Re: [PATCH sched_ext/for-6.11 2/2] sched_ext: Implement scx_bpf_consume_task()

Andrii Nakryiko <andrii.nakryiko@xxxxxxxxx> · Fri, 28 Jun 2024 15:34:01 -0700

On Fri, Jun 28, 2024 at 3:08 PM Tejun Heo <tj@xxxxxxxxxx> wrote:
>
> Hello, Alexei.
>
> On Thu, Jun 27, 2024 at 06:34:14PM -0700, Alexei Starovoitov wrote:
> ...
> > > +__bpf_kfunc bool __scx_bpf_consume_task(unsigned long it, struct task_struct *p)
> > > +{
> > > +       struct bpf_iter_scx_dsq_kern *kit = (void *)it;
> > > +       struct scx_dispatch_q *dsq, *kit_dsq;
> > > +       struct scx_dsp_ctx *dspc = this_cpu_ptr(scx_dsp_ctx);
> > > +       struct rq *task_rq;
> > > +       u64 kit_dsq_seq;
> > > +
> > > +       /* can't trust @kit, carefully fetch the values we need */
> > > +       if (get_kernel_nofault(kit_dsq, &kit->dsq) ||
> > > +           get_kernel_nofault(kit_dsq_seq, &kit->dsq_seq)) {
> > > +               scx_ops_error("invalid @it 0x%lx", it);
> > > +               return false;
> > > +       }
> >
> > With scx_bpf_consume_task() it's only a compile time protection from bugs.
> > Since kfunc doesn't dereference any field in kit_dsq it won't crash
> > immediately, but let's figure out how to make it work properly.
> >
> > Since kit_dsq and kit_dsq_seq are pretty much anything in this implementation
> > can they be passed as two scalars instead ?
> > I guess not, since tricking dsq != kit_dsq and
> > time_after64(..,kit_dsq_seq) can lead to real issues ?
>
> That actually should be okay. It can lead to real but not crashing issues.
> The system integrity is going to be fine no matter what the passed in seq
> value is. It can just lead to confusing behaviors from the BPF scheduler's
> POV, so it's fine to put the onus on the BPF scheduler.
>
> > Can some of it be mitigated by passing dsq into kfunc that
> > was used to init the iter ?
> > Then kfunc will read dsq->seq from it instead of kit->dsq_seq ?
>
> I don't quite follow this part. bpf_iter_scx_dsq_new() takes @dsq_id.
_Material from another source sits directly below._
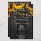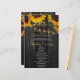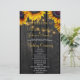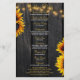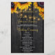 Elegant rustic budget wedding ceremony program template featuring beautiful bright yellow orange sunflowers bouquets and strings of twinkle lights on a country style dark brown wooden background. +++++++++++ + Personalise it with your your details.+++++++++++ Suitable for rustic country vintage chic summer garden | autumn fall outdoor weddings.

The
> function looks up the matching DSQ and then the iterator remembers the
> current dsq->seq which serves as the threshold (tasks queued afterwards are
> ignored). ie. The value needs to be copied at that point to guarantee that
> iteration ignores tasks that are queued after the iteration started.
>
> > > +       /*
> > > +        * Did someone else get to it? @p could have already left $dsq, got
> > > +        * re-enqueud, or be in the process of being consumed by someone else.
> > > +        */
> > > +       if (unlikely(p->scx.dsq != dsq ||
> > > +                    time_after64(p->scx.dsq_seq, kit_dsq_seq) ||
> >
> > In the previous patch you do:
> > (s32)(p->scx.dsq_seq - kit->dsq_seq) > 0
> > and here
> > time_after64().
> > Close enough, but 32 vs 64 and equality difference?
>
> Sorry about the sloppiness. It was originally u64 and then I forgot to
> update here after changing them to u32. I'll add a helper for the comparison
> and update both sites.
>
> Going back to the sequence number barrier, it's a sort of scoping and one
> way to solve it is adding an explicit helper to fetch the target DSQ's
> sequence number and then pass it to the consume_task function. ie. sth like:
>
>         barrier_seq = scx_bpf_dsq_seq(dsq_id);
>         bpf_for_each(scx_dsq, p, dsq_id, 0) {
>                 ...
>                 scx_bpf_consume_task(p, dsq_id, barrier_seq);
>         }
>
> This should work but it's not as neat in that it now involves three dsq_id
> -> DSQ lookups. Also, there's extra subtlety arising from @barrier_seq being
> different from the barrier seq that the scx_dsq iterator would be using.

maybe a stupid question, but why scx_dsq iterator cannot accept
scx_dispatch_q pointer directly instead of dsq_id and then doing
lookup? I.e., what if you had a kfunc to do dsq_id -> scx_dispatch_q
lookup (returning PTR_TRUSTED instance), and then you can pass that to
iterator, you can pass that to scx_bpf_consume_task() kfunc.

Technically, you can also have another kfunc accepting scx_dispatch_q
and returning current "timestamp" as some special type (TRUSTED and
all), which will be passed into consume_task() as well.

Is this too explicit in terms of types?

>
> As a DSQ iteration needs to have its own barrier sequence, maybe the answer
> is to require passing it in as an explicit parameter. ie.:
>
>         barrier_seq = scx_bpf_dsq_seq(dsq_id);
>         bpf_for_each(scx_dsq, p, dsq_id, barrier_seq, 0) {
>                 ...
>                 scx_bpf_consume_task(p, dsq_id, barrier_seq);
>         }
>
> There still are three dsq_id lookups but at least there is just one sequence
> number in play. It is more cumbersome tho compared to the current interface:
>
>         bpf_for_each(scx_dsq, p, dsq_id, 0) {
>                 ...
>                 scx_bpf_consume_task(BPF_FOR_EACH_ITER, p);
>         }
>
> What do you think?
>
> Thanks.
>
> --
> tejun
>